Still, he won't stop trying to convince me to join. He won't shut up about it. I tell him "no, I am against it" and then he gets mad and says "you always trash my advice." yeah. He decided that since I don't want to enlist in an ALREADY CONTROVERSIAL CAREER CHOICE, that means I always trash any suggestion he has to say.

Well, I guess I'll wait 'till his mom gets home. Because I have the perfect weapon, a Jewish Grandmother (JG). No way would a JG EVER approve of anyone in the family doing anything that could get them hurt, be it using a can opener, driving past 7 PM, or risking getting their head blasted off in the Middle East or elsewhere.

I'm a 23 year old female, I am so sensitive to any kind of blood or injury that I can't even watch movies with the slightest bit of gore, I have no interest in engineering/machines/math/science-type stuff, I have no interest in SIGNING OFF ALL MY RIGHTS AS AN AMERICAN CITIZEN (I keep trying to tell dad that), etc.
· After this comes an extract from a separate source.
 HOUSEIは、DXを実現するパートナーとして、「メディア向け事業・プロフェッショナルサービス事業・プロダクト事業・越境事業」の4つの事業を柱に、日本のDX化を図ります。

ok. off to bitch to the grandma and start a cloud of family drama that will successfully take the attention off of my real issues for a while.


----------



## enigma (Feb 18, 2005)




----------



## person3 (Aug 10, 2004)

hell no

i don't date guys half my age

yep...no 12 year olds for me


----------



## enigma (Feb 18, 2005)

Alright, thought of a very simple way for you to get yourself out of this one.

Listen carefully, I shall write this only once:

Shoot yourself in the foot.

Okay, that's all taken care of, glad I was able to help, no need to thank me.

e


----------



## mcsiegs (Apr 27, 2005)

Why is everyone so nasty to person3? Be nice.


----------



## enigma (Feb 18, 2005)

mcsiegs said:


> Why is everyone so nasty to person3? Be nice.


It was a _joke_.

We like to kid.

e


----------



## person3 (Aug 10, 2004)

sounds like a decent idea. Can't be a SEAL with a big hole in your foot. But I kind of want to walk and stuff, still. Keeps me in halfway decent (if that) shape.

NEXT!


----------



## Guest (Jul 9, 2005)

Dear Leutinent Melissa, (grin)
Okay.
Now stand at attention and listen up here, young cadet.
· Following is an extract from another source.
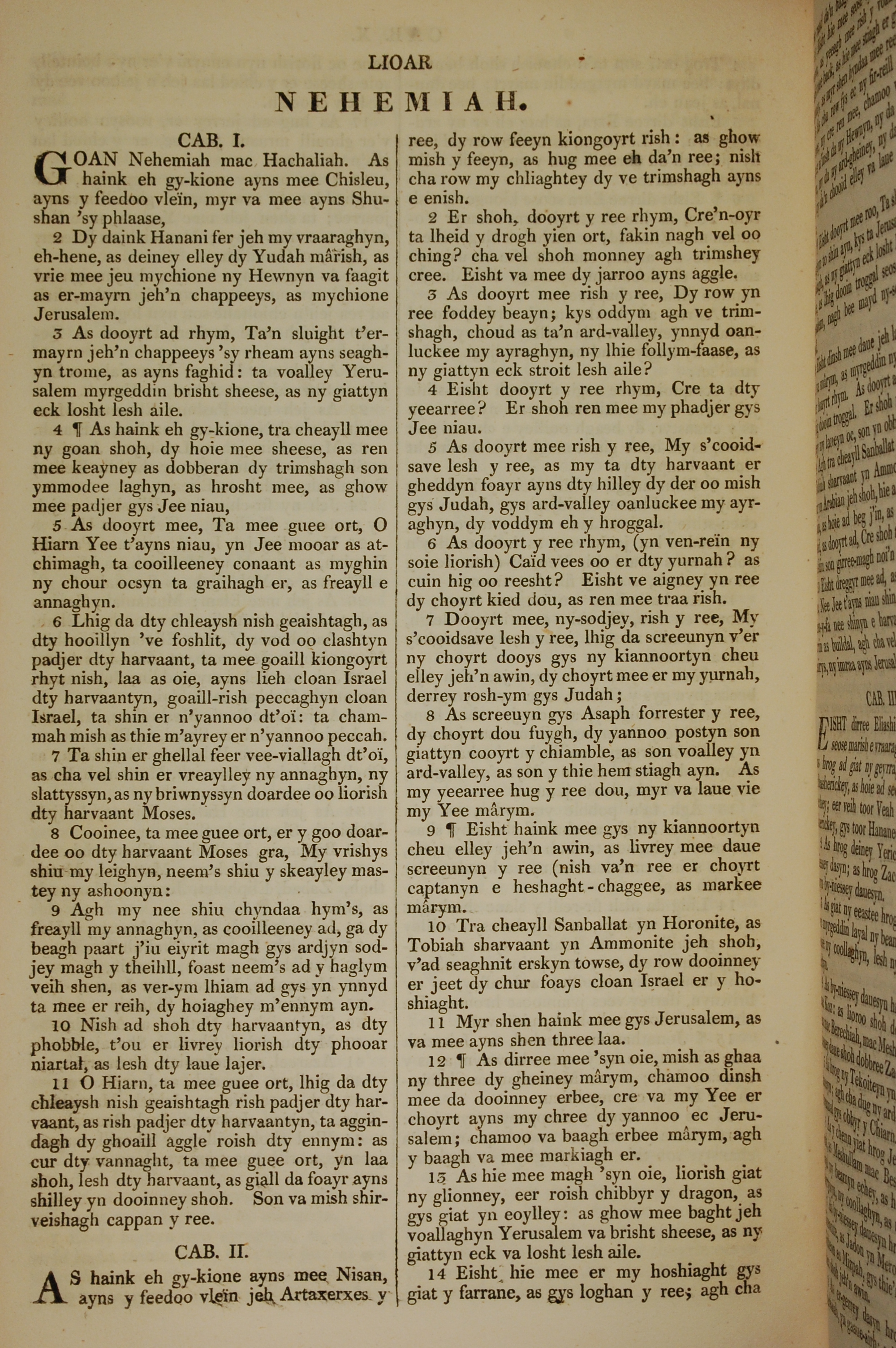 1819年曼岛语圣经 尼希米记 1 章 1 节到 2 章 14 节

Here is the larger problem: clearly, you are NOT military material, (pause for long laughter from all involved, especially you). You know you are not going to join the army. This is a non-issue.

The REALITY (I know you are not familiar with this entity but I keep trying to introduce you) is that your dad is ALWAYS going to say things that you hate. He is always going to somehow misunderstand you and your needs and sometimes, just to make matters more confusing, he will get it RIGHT and really say things and do things that make you feel "seen" and loved.

Then he will screw up again.

Just like everyone else you will ever know and love.

People are not as attuned to us as we wish. Nor are we, despite our convictions otherwise, as attuned to them as they wish.

The continual hitting of one's head against the brick wall of reality is never going to hurt less or achieve anything.

people can be idiots. Let them live and don't take it so hard.

Love you,
at ease, please, (grin)

J


----------



## person3 (Aug 10, 2004)

...

i get it


----------